▶ **Instructions for the task**
Return all of the listing word for word; the pictures stay out.

▶ **Input data**

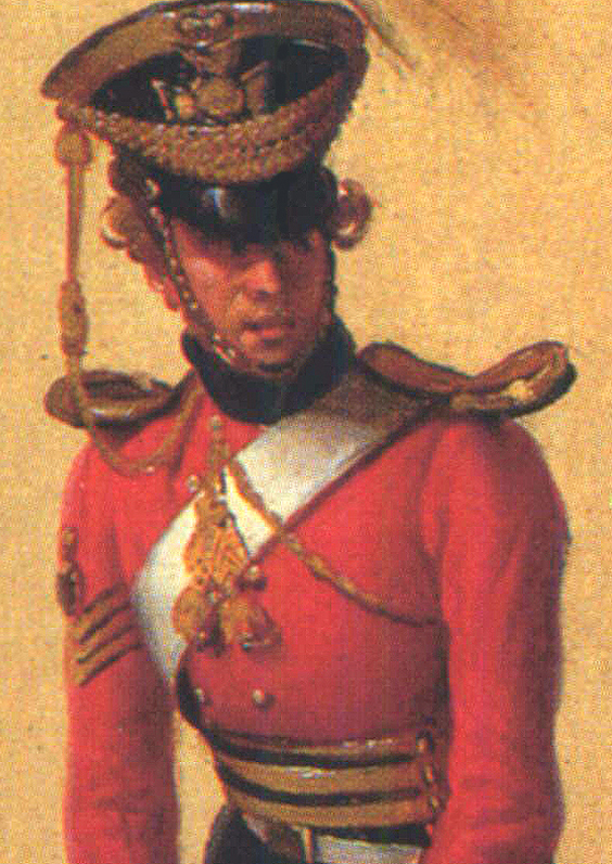 This brass badge has the battle honour PENINSULA at the base so must date after 6 April 1815 when the honour was given to the 14th Light Dragoons. A badge similar to this without the battle honour was worn by other ranks on the right side of the Tarleton helment. But by 1815 the shako had replaced the helmet and it is thought this badge was worn on the front. The regiment was titled Duchess of York’s Own in 1798 and the badge of the eagle, or hawk, was used between that date and 1830 when they became the King’s Light Dragoons.The colours of the 1829 metal badge can be seen in this photo taken at the regimental museum in Preston. The black ‘Hawk’ with gilt embellishments on a silver circle in the middle of the gilt cross that has silver hobnails in each arm of the cross. The badge is linked to the gilt boss at the top of the shako by a silver chain loop.For most of the 1820s the 14th Light Dragoons had an embroidered shako badge but in 1829 there were changes to the uniform and that included a metal badge, introducing the shape of the Maltese cross which has remained the symbol of Light Dragoons to this day. The Prussian Eagle was the centre piece of the design but replaced 2 years later by the Royal Crest when the regiment was titled the King’s Light Dragoons. The battle honours for the Peninsula War were mostly granted in February 1820 but DOURO came later on 22 July 1837.Radical changes to the uniform of the light dragoons took place in 1830 when King William IV came to the throne. He wanted his soldiers dressed in red so the blue-coated light dragoons duly changed from blue and silver to scarlet and gold. The lace around the top of this shako is now gold. The badge for the 14th LD had to change too, as the title of the regiment was now the King’s Light Dragoons. The Prussian Eagle was replaced by the Royal Crest, the name given to the badge of the lion standing on the crown. The strap around the crest has the regimental title and the six battle honours for the Peninsula War placed on the arms of the cross. The Hanoverian crown was part of the badge, placed on the top arm.After the change of title in 1830 the 14th lost the Prussian Eagle, or Hawk, from their cap badges. The sergeant painted by Dubois Drahonet in 1832 shows a very early example of NCO’s arm badge. It is an embroidered black eagle on a gilt oval. Unfortunately the artist chose to paint the badge at an awkward angle and we cannot see it properly. There is an embroidered crown over the badge. The sergeant’s cap badge is indistinct in this enlarged scan of a reproduction but the crowned Maltese cross is clear.This badge is attached to a 14th Light Dragoon shako and there is little doubt that it is genuine. But it does not conform to the generally accepted pattern of badge. The other ranks’ badge had a rim wide enough to contain the battle honours but this has only a thin rim and no battle honours. Other examples of officers’ badges follow the pattern of the other ranks.The badge worn by the rank and file of the 14th Light Dragoons was of the pattern followed by other Light Dragoon Regiments, being in the shape of the Maltese Cross. Sergeants and warrant officers had better quality badges than the lower ranks. This one is brass or gilt according to the rank of the wearer. The usual battle honours for the Peninsular War and the second Sikh War are around the rim but there is an addition that does not appear on many of the other known examples. The battle honour PERSIA is just above the central garter strap. This was granted to the regiment in 1858.The embroidered devices on the front and rear of the officers’ shabraques had these ornate designs. The Victorian cypher dates them firmly after 1837 but the lower three battle honours for PUNJAUB, CHILLIANWALLAH and GOOJERAT establish the date as 1853 to 1856. These honours were granted on 14 December 1852. However, the uniform changes of 1856 made them obsolete.NCO Arm Badge 1860
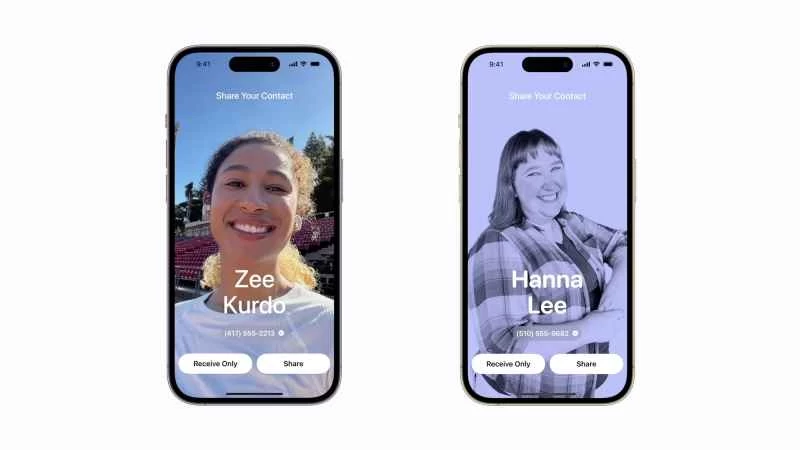 AirDrop 的第一個新功能是 NameDrop,它簡化了共享聯絡資訊的流程:如果您遇到一位也使用 iPhone 的新朋友,您只需解鎖各自的手機,然後將它們輕觸在一起,即可彈出共享聯絡資訊的提示。
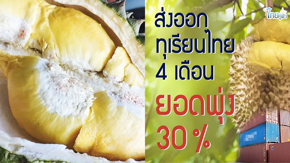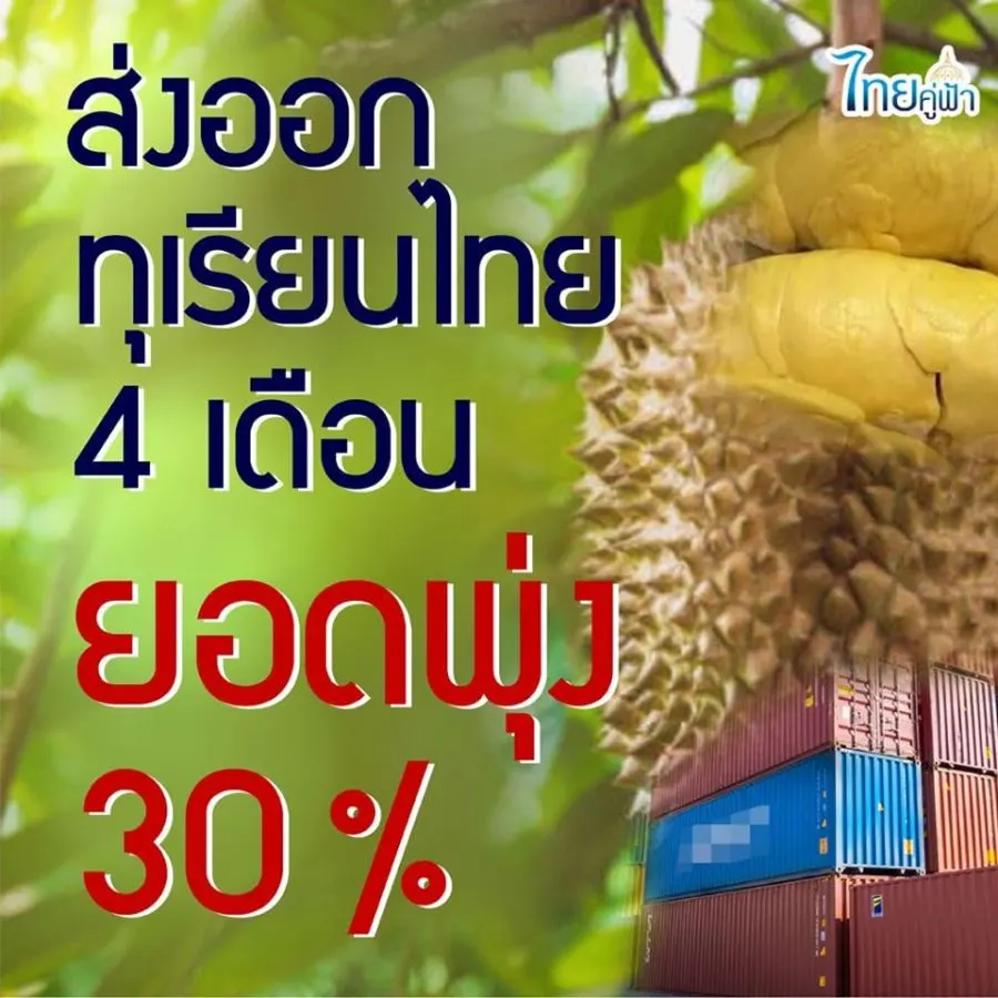 ส่งออกทุเรียนไทย ...4 เดือน ยอดพุ่ง 30 %

▶ **Result of this exercise**
 This brass badge has the battle honour PENINSULA at the base so must date after 6 April 1815 when the honour was given to the 14th Light Dragoons. A badge similar to this without the battle honour was worn by other ranks on the right side of the Tarleton helment. But by 1815 the shako had replaced the helmet and it is thought this badge was worn on the front. The regiment was titled Duchess of York’s Own in 1798 and the badge of the eagle, or hawk, was used between that date and 1830 when they became the King’s Light Dragoons.The colours of the 1829 metal badge can be seen in this photo taken at the regimental museum in Preston. The black ‘Hawk’ with gilt embellishments on a silver circle in the middle of the gilt cross that has silver hobnails in each arm of the cross. The badge is linked to the gilt boss at the top of the shako by a silver chain loop.For most of the 1820s the 14th Light Dragoons had an embroidered shako badge but in 1829 there were changes to the uniform and that included a metal badge, introducing the shape of the Maltese cross which has remained the symbol of Light Dragoons to this day. The Prussian Eagle was the centre piece of the design but replaced 2 years later by the Royal Crest when the regiment was titled the King’s Light Dragoons. The battle honours for the Peninsula War were mostly granted in February 1820 but DOURO came later on 22 July 1837.Radical changes to the uniform of the light dragoons took place in 1830 when King William IV came to the throne. He wanted his soldiers dressed in red so the blue-coated light dragoons duly changed from blue and silver to scarlet and gold. The lace around the top of this shako is now gold. The badge for the 14th LD had to change too, as the title of the regiment was now the King’s Light Dragoons. The Prussian Eagle was replaced by the Royal Crest, the name given to the badge of the lion standing on the crown. The strap around the crest has the regimental title and the six battle honours for the Peninsula War placed on the arms of the cross. The Hanoverian crown was part of the badge, placed on the top arm.After the change of title in 1830 the 14th lost the Prussian Eagle, or Hawk, from their cap badges. The sergeant painted by Dubois Drahonet in 1832 shows a very early example of NCO’s arm badge. It is an embroidered black eagle on a gilt oval. Unfortunately the artist chose to paint the badge at an awkward angle and we cannot see it properly. There is an embroidered crown over the badge. The sergeant’s cap badge is indistinct in this enlarged scan of a reproduction but the crowned Maltese cross is clear.This badge is attached to a 14th Light Dragoon shako and there is little doubt that it is genuine. But it does not conform to the generally accepted pattern of badge. The other ranks’ badge had a rim wide enough to contain the battle honours but this has only a thin rim and no battle honours. Other examples of officers’ badges follow the pattern of the other ranks.The badge worn by the rank and file of the 14th Light Dragoons was of the pattern followed by other Light Dragoon Regiments, being in the shape of the Maltese Cross. Sergeants and warrant officers had better quality badges than the lower ranks. This one is brass or gilt according to the rank of the wearer. The usual battle honours for the Peninsular War and the second Sikh War are around the rim but there is an addition that does not appear on many of the other known examples. The battle honour PERSIA is just above the central garter strap. This was granted to the regiment in 1858.The embroidered devices on the front and rear of the officers’ shabraques had these ornate designs. The Victorian cypher dates them firmly after 1837 but the lower three battle honours for PUNJAUB, CHILLIANWALLAH and GOOJERAT establish the date as 1853 to 1856. These honours were granted on 14 December 1852. However, the uniform changes of 1856 made them obsolete.NCO Arm Badge 1860
 AirDrop 的第一個新功能是 NameDrop,它簡化了共享聯絡資訊的流程:如果您遇到一位也使用 iPhone 的新朋友,您只需解鎖各自的手機,然後將它們輕觸在一起,即可彈出共享聯絡資訊的提示。
 ส่งออกทุเรียนไทย ...4 เดือน ยอดพุ่ง 30 %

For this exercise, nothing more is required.